In another scenario that isn’t entirely impossible, imagine needing quick help with navigating a certain website at 11pm in the night. It isn’t exactly conventional for a human to tend to each and every small query you might have that too at such untimely hours. So how convenient will it be if a bot can take over and provide unconditional support?

GIF

Building such a bot will be our goal for this blog. Though we may not get close to an exact replica of the IBM Watson Assistant, we’ll still end up with something decent that we can, as debutants to the world of chatbots, be proud of. But how does a bot actually process and respond to user inputs?

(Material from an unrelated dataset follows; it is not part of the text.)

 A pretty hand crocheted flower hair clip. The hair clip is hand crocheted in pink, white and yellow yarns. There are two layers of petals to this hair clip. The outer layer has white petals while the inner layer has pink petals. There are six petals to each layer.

Read ahead to understand its working.

For this blog, we’ll be building an Autism awareness bot called AUSM. Autism (Autism Spectrum Disorder) is a neuro-developmental disorder with a broad range of conditions and affects various behavioral or social aspects by limiting communicational abilities of those affected by it. The chatbot we build will be able to provide facts, statistics, possible symptoms and related information in an understandable format.

The user will be prompted to ask different questions related to autism and the bot will try to decode them using different functions in order to pick and display the most appropriate response. We will be mainly making use of the Tensorflow, Keras, Numpy and NLTK libraries in python to comprehensively build a fully functioning chatbot.

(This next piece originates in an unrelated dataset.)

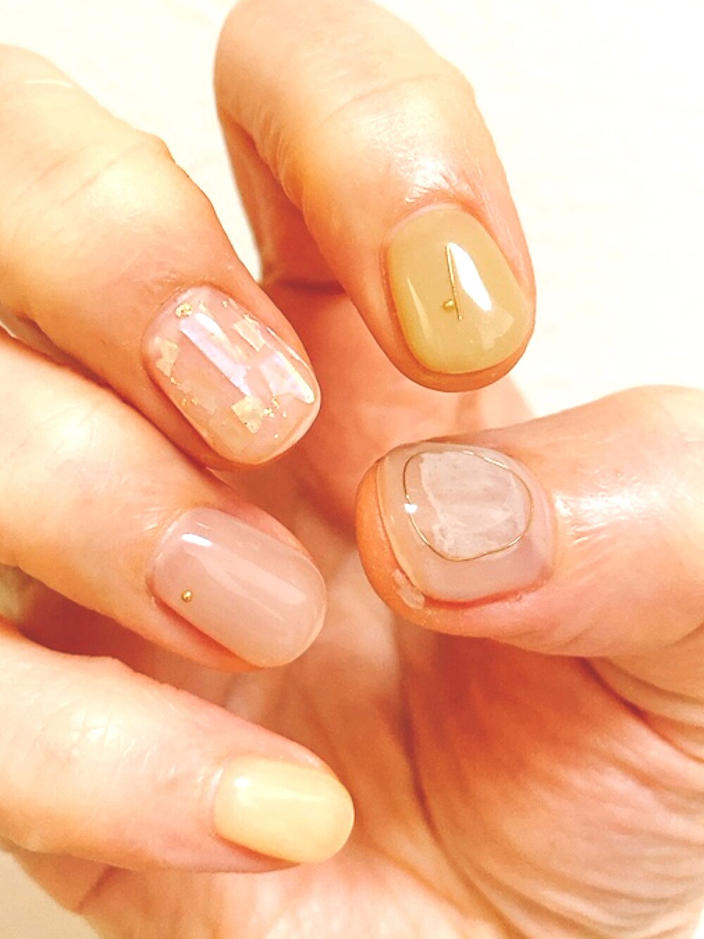 写真撮るのが下手すぎですが、 薄いグレー、グリーン、イエローベース ワイヤーやシェルが入ってます

Loading and understanding the data

Our dataset is going to be a JSON file and is also referred to as the intents file. This will contain all information pertaining to Autism and basic conversational vocabulary. Our job is to parse through the entire file, convert it into a machine-friendly format, train a model on it and finally get some predictions with respect to user input. Seems pretty far-fetched but fear not, you will be able to chat with a bot you built, before you know it.

The intents file will consist of 3 components namely: tags, patterns and responses. For example, let’s consider the ‘greetings’ tag; it will contain different possible inputs the user may provide i.e. the patterns and a set of suitable replies that are stored as responses.

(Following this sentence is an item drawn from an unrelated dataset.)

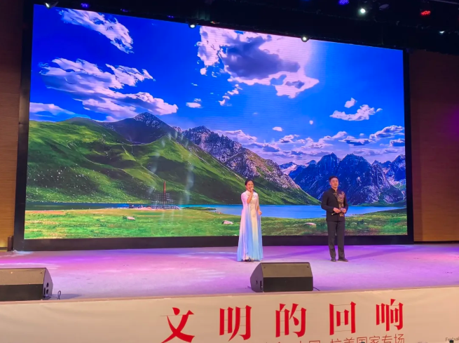 学生艺术团的民族舞表演《清庭云月》之后,校园诗人李欣彩、马雯馨分别朗诵自己的原创诗歌。新闻传播学院的学生代表朗诵了伟德国际1949始于英国杰出校友、诗人雷抒雁的诗作《父母之河》选段。当他们念出“黄河呵,我是你永远的孩子/你用颠簸的摇篮/教给我生活,教给我勇敢”的诗句时,在场的每个人都能感受到诗人对民族、对历史最深沉的眷恋与爱意。

A snippet of the intents.json file

Tags corresponding to greetings, descriptions, thanks, symptoms, autism and treatment, are what the user needs to access in order to pick responses. Patterns are the possible questions or statements that the user can present to the bot while texting. Responses are nothing but options for possible replies that the bot can pick after decoding the meaning behind user input.

Text preprocessing

Let’s begin by tokenizing all the words in the dataset. Word tokenization is a functionality provided by the NLTK library and is used to split sentences in our intents file into words for further processing. We then insert the words into lists with respect to their tags.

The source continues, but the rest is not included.